╭─ RECORDS FOR THE TASK
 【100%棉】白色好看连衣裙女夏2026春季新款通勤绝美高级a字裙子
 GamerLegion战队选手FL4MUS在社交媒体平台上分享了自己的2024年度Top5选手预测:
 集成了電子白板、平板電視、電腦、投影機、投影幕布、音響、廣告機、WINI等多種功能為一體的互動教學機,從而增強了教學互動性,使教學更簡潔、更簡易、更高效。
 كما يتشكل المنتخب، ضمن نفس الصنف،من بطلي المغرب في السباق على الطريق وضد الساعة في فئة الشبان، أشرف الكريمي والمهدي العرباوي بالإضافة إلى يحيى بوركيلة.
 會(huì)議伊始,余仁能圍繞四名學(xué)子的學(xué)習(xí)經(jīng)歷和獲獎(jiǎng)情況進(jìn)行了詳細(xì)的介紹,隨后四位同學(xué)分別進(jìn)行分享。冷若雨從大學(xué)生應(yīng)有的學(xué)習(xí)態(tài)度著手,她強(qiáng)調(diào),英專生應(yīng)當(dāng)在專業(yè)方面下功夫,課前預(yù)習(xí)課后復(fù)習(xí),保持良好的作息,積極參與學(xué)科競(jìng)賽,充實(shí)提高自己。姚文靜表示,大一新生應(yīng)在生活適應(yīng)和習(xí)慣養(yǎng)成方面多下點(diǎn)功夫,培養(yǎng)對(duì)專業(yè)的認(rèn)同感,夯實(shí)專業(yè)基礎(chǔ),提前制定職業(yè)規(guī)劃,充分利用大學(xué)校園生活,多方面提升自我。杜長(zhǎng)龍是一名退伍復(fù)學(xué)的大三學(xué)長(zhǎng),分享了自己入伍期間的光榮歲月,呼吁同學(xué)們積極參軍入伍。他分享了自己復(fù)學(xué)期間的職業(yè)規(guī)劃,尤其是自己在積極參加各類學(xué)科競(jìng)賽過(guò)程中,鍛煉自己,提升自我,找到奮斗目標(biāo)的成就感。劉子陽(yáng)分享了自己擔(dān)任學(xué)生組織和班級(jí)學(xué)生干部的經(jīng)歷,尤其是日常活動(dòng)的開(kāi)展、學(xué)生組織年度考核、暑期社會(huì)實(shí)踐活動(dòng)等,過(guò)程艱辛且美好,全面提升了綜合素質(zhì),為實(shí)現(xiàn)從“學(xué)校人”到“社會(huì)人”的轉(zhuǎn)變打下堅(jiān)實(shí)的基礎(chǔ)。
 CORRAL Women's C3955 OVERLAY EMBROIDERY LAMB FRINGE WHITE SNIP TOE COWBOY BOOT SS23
╰─
╭─ RECORDS FOR THE TASK
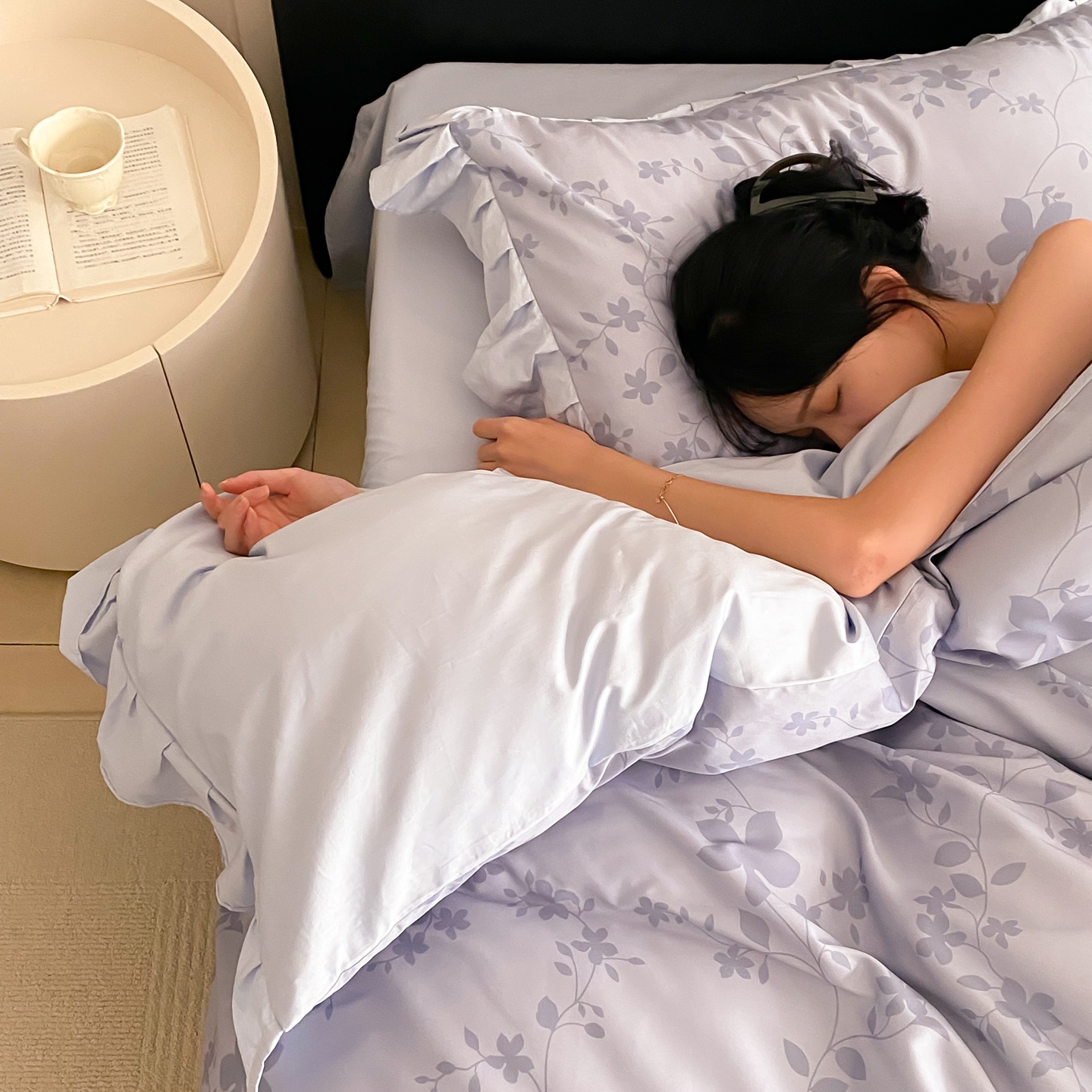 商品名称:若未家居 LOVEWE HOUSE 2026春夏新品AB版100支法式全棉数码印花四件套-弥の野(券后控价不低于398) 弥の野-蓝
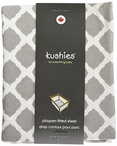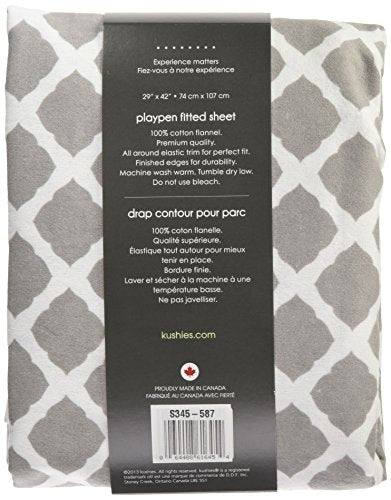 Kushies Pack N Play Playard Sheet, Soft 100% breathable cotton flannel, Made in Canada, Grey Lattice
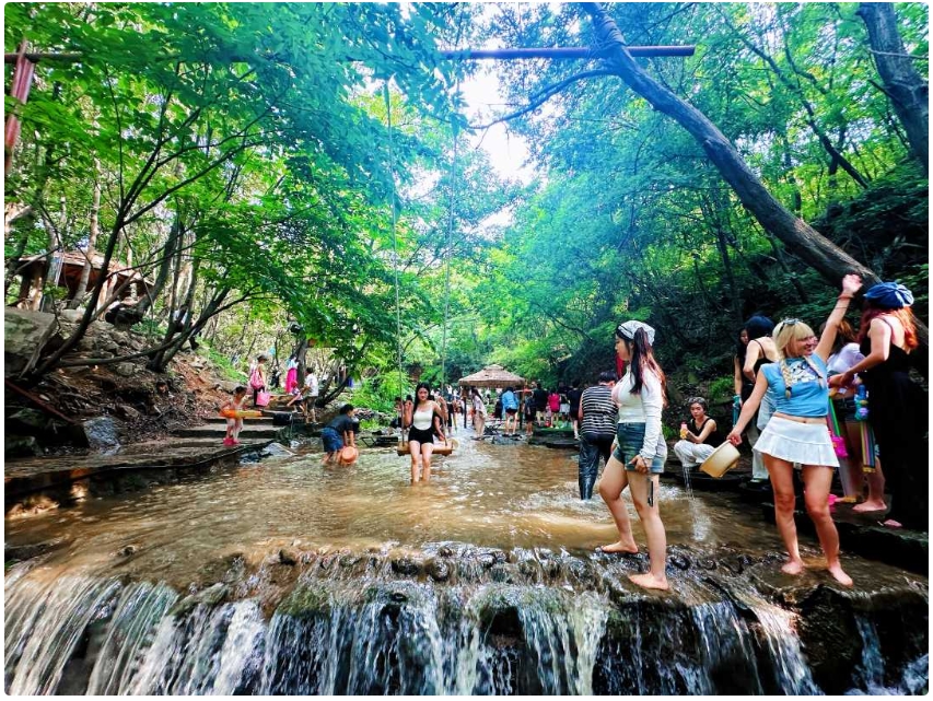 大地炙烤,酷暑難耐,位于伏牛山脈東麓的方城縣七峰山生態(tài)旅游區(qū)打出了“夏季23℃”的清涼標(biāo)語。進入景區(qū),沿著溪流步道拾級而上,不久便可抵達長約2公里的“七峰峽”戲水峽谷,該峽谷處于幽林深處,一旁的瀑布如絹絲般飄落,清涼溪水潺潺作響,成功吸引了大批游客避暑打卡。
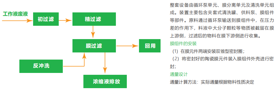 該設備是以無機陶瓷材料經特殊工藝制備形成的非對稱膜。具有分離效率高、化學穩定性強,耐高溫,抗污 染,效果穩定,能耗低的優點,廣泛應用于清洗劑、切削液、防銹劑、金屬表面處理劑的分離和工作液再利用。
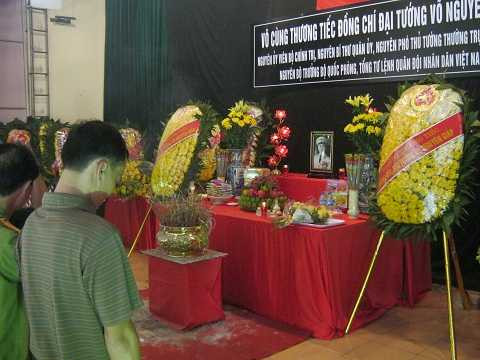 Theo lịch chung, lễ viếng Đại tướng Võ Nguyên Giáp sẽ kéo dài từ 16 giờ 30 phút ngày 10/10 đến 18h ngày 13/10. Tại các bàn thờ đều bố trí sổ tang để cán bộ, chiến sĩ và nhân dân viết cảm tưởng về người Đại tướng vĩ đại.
╰─
ABOUT THIS EXERCISE:
Output exactly those lines of the data above that run from the line with "商品名称:若未家居 LOVEWE HOUSE" up to and including the line with "Theo lịch chung, lễ". No pictures go in.

RESULT:
 商品名称:若未家居 LOVEWE HOUSE 2026春夏新品AB版100支法式全棉数码印花四件套-弥の野(券后控价不低于398) 弥の野-蓝
 Kushies Pack N Play Playard Sheet, Soft 100% breathable cotton flannel, Made in Canada, Grey Lattice
 大地炙烤,酷暑難耐,位于伏牛山脈東麓的方城縣七峰山生態(tài)旅游區(qū)打出了“夏季23℃”的清涼標(biāo)語。進入景區(qū),沿著溪流步道拾級而上,不久便可抵達長約2公里的“七峰峽”戲水峽谷,該峽谷處于幽林深處,一旁的瀑布如絹絲般飄落,清涼溪水潺潺作響,成功吸引了大批游客避暑打卡。
 該設備是以無機陶瓷材料經特殊工藝制備形成的非對稱膜。具有分離效率高、化學穩定性強,耐高溫,抗污 染,效果穩定,能耗低的優點,廣泛應用于清洗劑、切削液、防銹劑、金屬表面處理劑的分離和工作液再利用。
 Theo lịch chung, lễ viếng Đại tướng Võ Nguyên Giáp sẽ kéo dài từ 16 giờ 30 phút ngày 10/10 đến 18h ngày 13/10. Tại các bàn thờ đều bố trí sổ tang để cán bộ, chiến sĩ và nhân dân viết cảm tưởng về người Đại tướng vĩ đại.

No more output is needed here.